Obviously, the county could have waived the lack of a bond and permitted late filing of one not subject to possible litigation (see Matter of Rockland Bus Lines v. Board of Educ., 43 Misc 2d 1060). It did not elect to do so. It may not be compelled to do so. The county’s objection on the ground that “ no bid bond was submitted with your bid” is, therefore, sustained.

II

The petitioner faces another formidable obstacle to success in this litigation. One of the requirements for all contracts was one intended to establish financial responsibility. Each bidder was required to have a working capital1 available for the project in an amount determined by decreasing percentages applied to the contract price (i.e., 15% of the first $100,000 plus 10% of the next $90,000 plus 5% of any excess). In this case, the working capital requirement based upon the petitioner’s bid would be $412,500. The petitioner’s working capital as defined in Addendum No. 9, based upon its balance sheet at November 30, 1967, was $227,419.21. The petitioner concedes the foregoing facts, but urges that it had an available line of credit of $250,000. This, too, is not challenged. But what petitioner overlooks is that at the very moment it utilized the line of credit to increase its cash position, it would create an equal and *463offsetting current liability2 leaving the working capital unchanged.

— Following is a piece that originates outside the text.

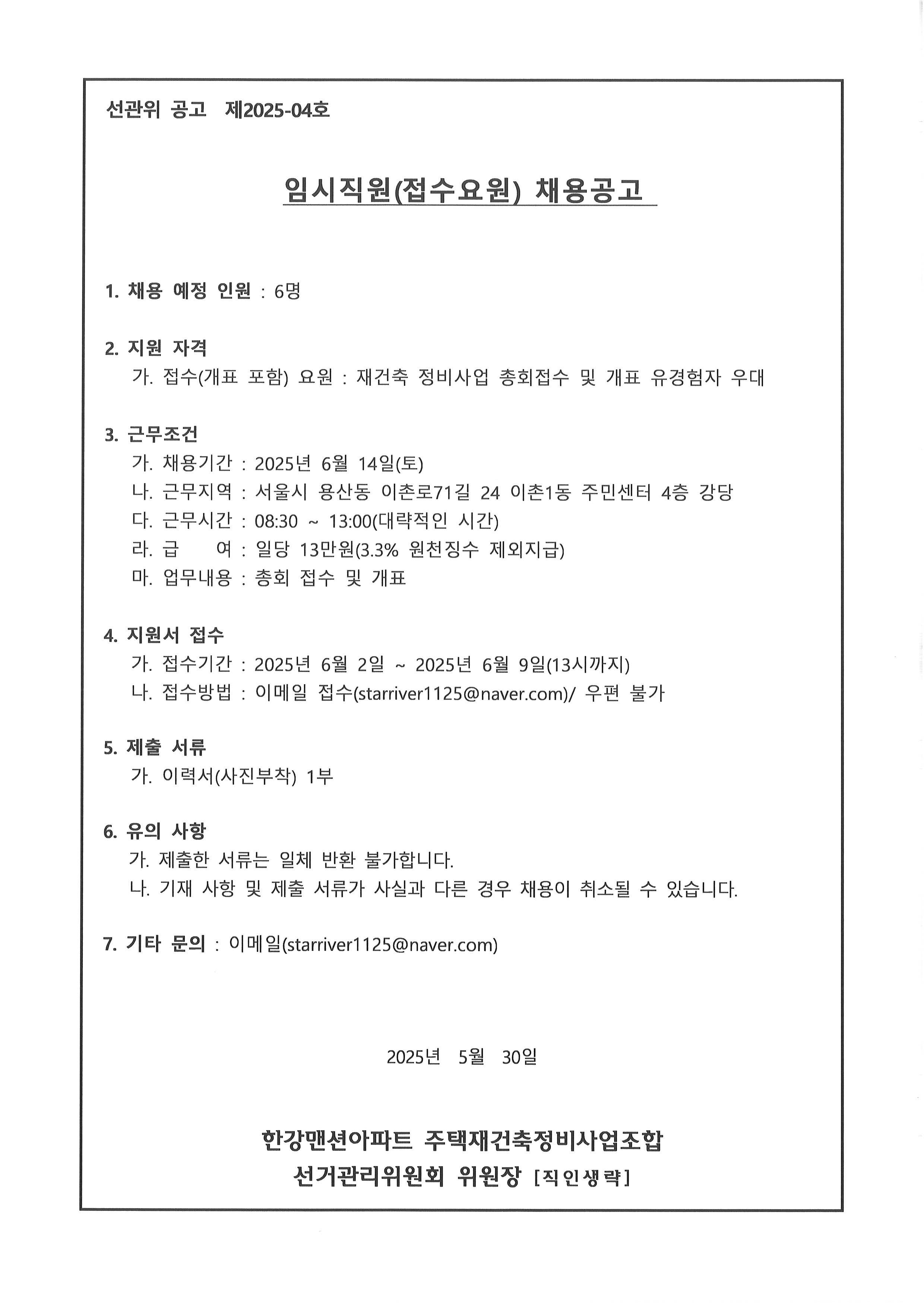추진위원회/조합명 : 한강맨션아파트 주택재건축 조합

In assessing responsibility of a bidder (General Municipal Law, § 103), the county is required to use a common-sense approach and method in arriving at its determination (cf. Matter of Meyer v. Board of Educ., 31 Misc 2d 407, 408). The working capital requirement was not an arbitrary or capricious one; indeed, no suggestion is made to the contrary. However, the petitioner’s contention that its line of credit resolves the problem relies upon a fallacy, to wit, that the use of the line of credit increases assets and does not react upon the minus side of its ledger. The plain answer is that the debit on petitioner’s books for any sum received under the line of credit would immediately give rise to the entry of an equal credit for the liability to repay it.

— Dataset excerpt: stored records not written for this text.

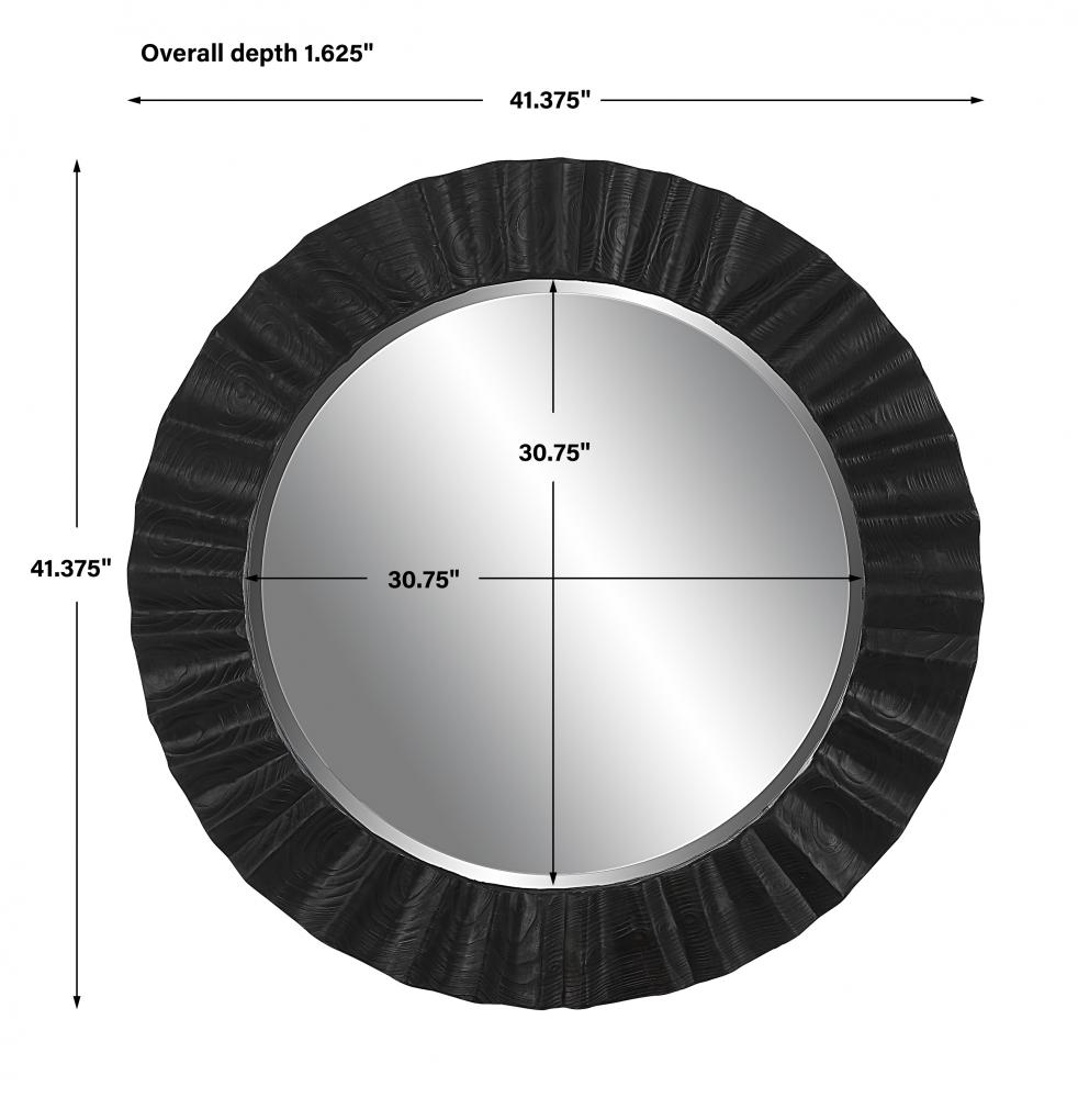Taking Inspiration From Lodge Style, This Round Mirror Features A Fir Wood Frame with Natural Wood Grain Details in A Dark Espresso Finish and A Carved Asymmetrical Scalloped Design. Mirror Has A 1 1/4" Bevel.
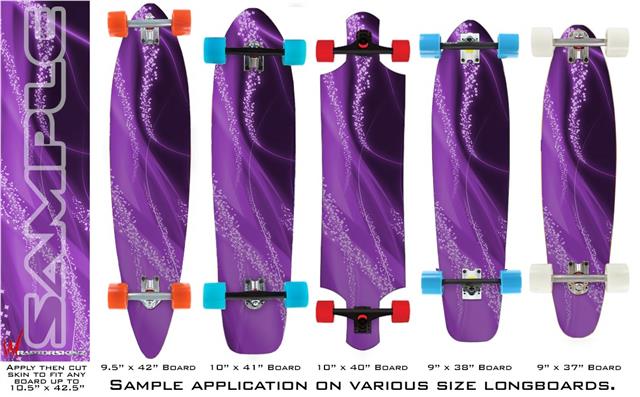Our longboard skins are made so that one size fits boards up to 10” wide x 42” long. This means after applying the skin it you will trimming to fit you’re the shape of your board with a sharp utility knife.
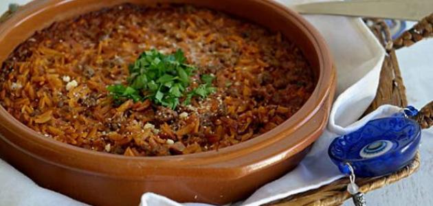 - يُضاف لسان العصفور إلى الخليط ويترك حتى يغلي، ثم يُنقل الخليط إلى قالب الطاجن.
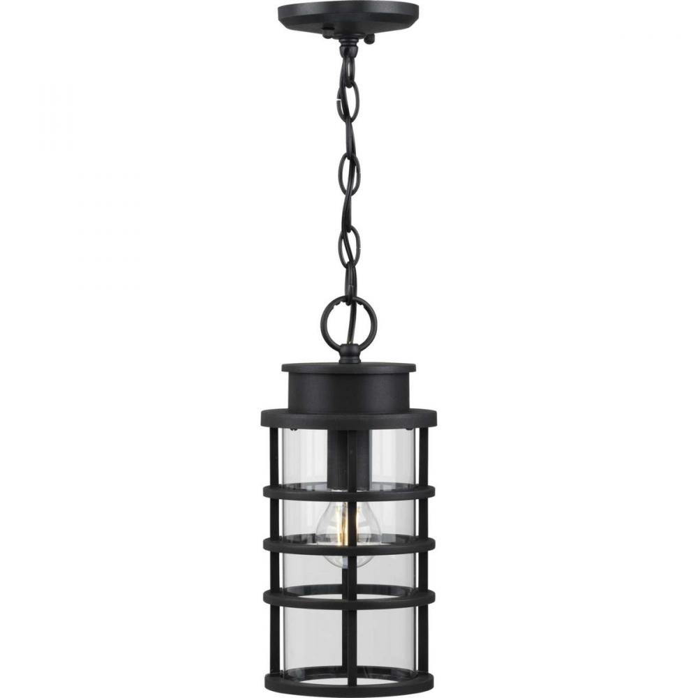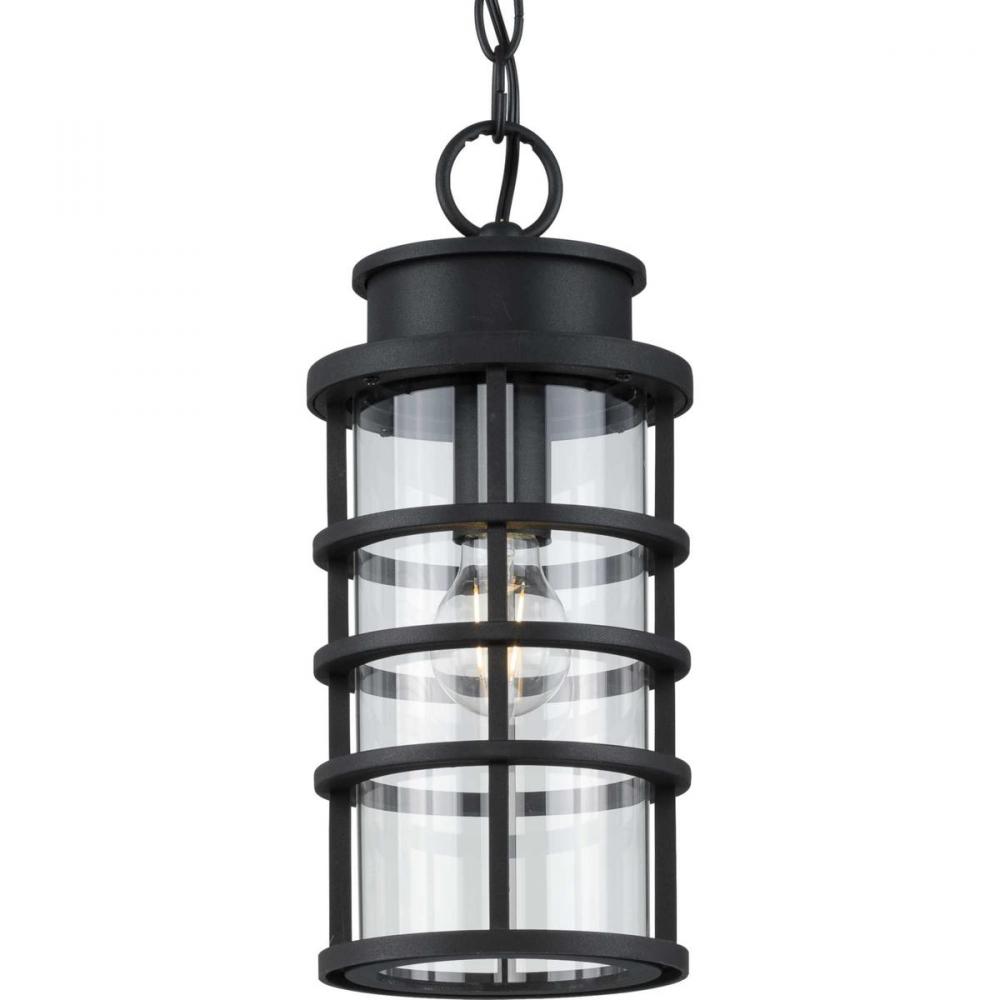 This Hanging Lantern Distills Both Industrial And Artisan Influences With Its Signature Ribbed Black Frame Constructed From Durable Corrosion-Resistant, Composite Polymer. Inside The Ribs Rests An Elongated, Clear Glass Shade That Adds To The Light Fixture'S Modern Flair. The Design'S Blend Of Industrial And Coastal Inspiration Makes It A Perfect Light Fixture For Updating Your Favorite Spaces In And Around Your Home. Durashield By Progress Lighting Is Built To Last. Constructed From A Composite Material With Uv Protection, Durashield Holds Up Even In The Harshest Weather Conditions. This High-Performance Finish Has A 5-Year Warranty And Is Resistant To Rust, Corrosion, And Fading.

The respondent county evaluated the factual criteria encompassed in the term “lowest responsible bidder” as amplified by proper requirements for the establishment of. financial strength sufficient to give flesh and substance to the word “ responsible ”. Insofar as this factual determination is concerned, it may not be set aside by this court (cf. Matter of Martone v. County of Nassau, 42 Misc 2d 804, 808). On all of these issues the burden of proof was on the petitioner (Matter of Gaskell, Inc. v. Maslanka, 33 Mise 2d 88, 90). The burden has not been met.

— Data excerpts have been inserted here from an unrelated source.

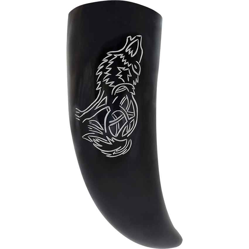 Wolves and wolf-like creatures prowl about in myths and legends. Honor the legacy of that animal by drinking from the Howling Wolf Drinking Horn. Made of natural horn, this Viking style drinking horn features an engraved wolf. The stylized wolf sits on its rear legs, appearing to howl into the sky. Safe for drinking from and eye-catching to behold, the Howling Wolf Drinking Horn makes a fantastic addition to both feastware and decor. Also, it is great for a variety of medieval and Renaissance events such as faires.
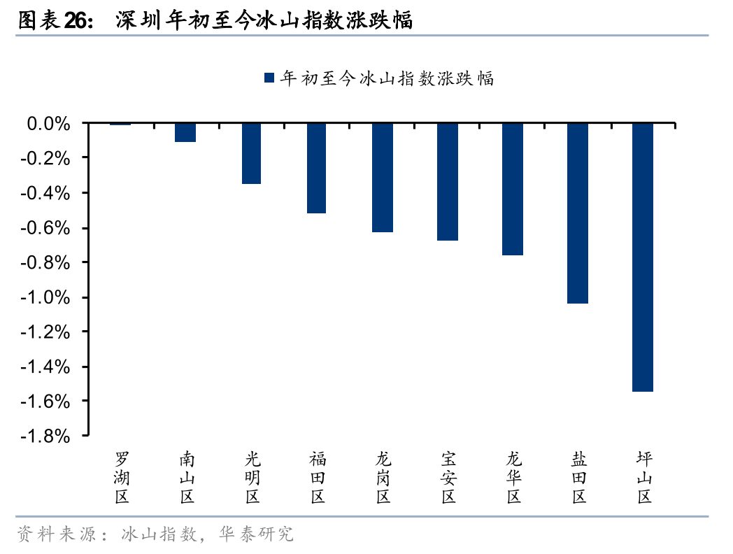 我们观察到除上海房价指数出现回稳外,廊坊、丹东、北海等偏低能级城市冰山指数亦出现一定的回稳迹象。前述4个城市今年以来累计涨幅达0.6%/0.4%/0.2%/0.2%。以半年为维度,跌幅相对较小的城市集中在低能级城市,如北海、丹东、太原、开封、哈尔滨、洛阳、沈阳等,半年房价指数跌幅在3%以内。这点和我们在年度策略《把握周期机遇,迈向价值导向》(2025年11月3日)中判断一致,房价呈现哑铃型分化走势,即调整时间较长和调整幅度较深的低单价城市,以及高能级城市韧性更为突出,有望在今年率先企稳。
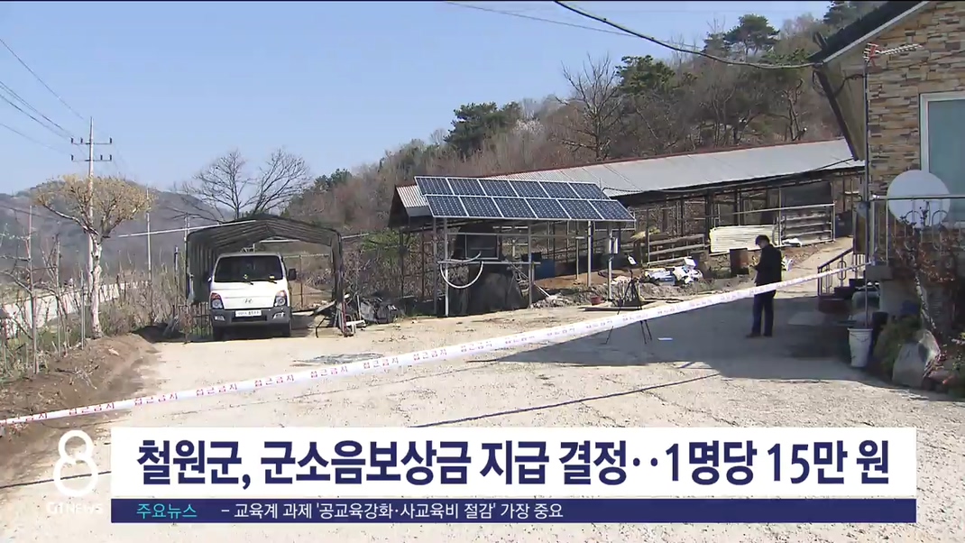 군사 훈련으로 소음 피해를 받는 철원군민에게 보상금이 지급됩니다.

The court is very much aware that its determination sustains an award which exceeds a lower bid. Were price alone the measure of action, there would be no need to establish a standard of responsibility. Price alone is not the standard. And there is no evidence that in treating as a nullity the bond repudiated by the surety thereon, and which was not precisely identifiable with the bid in question, or in imposing a uniform and acceptable measure of determination of “ working capital ”, the public officials involved were arbitrary, capricious or acting otherwise than in full discharge of their responsibilities.

. There is no claim that the line of credit offered by a national bank would make available loans repayable in not less than one year, so that, by definition in Addendum No. 9 and by generally accepted accounting principles, loans made under the line of credit would become current liabilities.

. “Working capital” was defined as “the excess of current assets over current liabilities” (Addendum No. 9, p. 3, item [1], subd. [c].)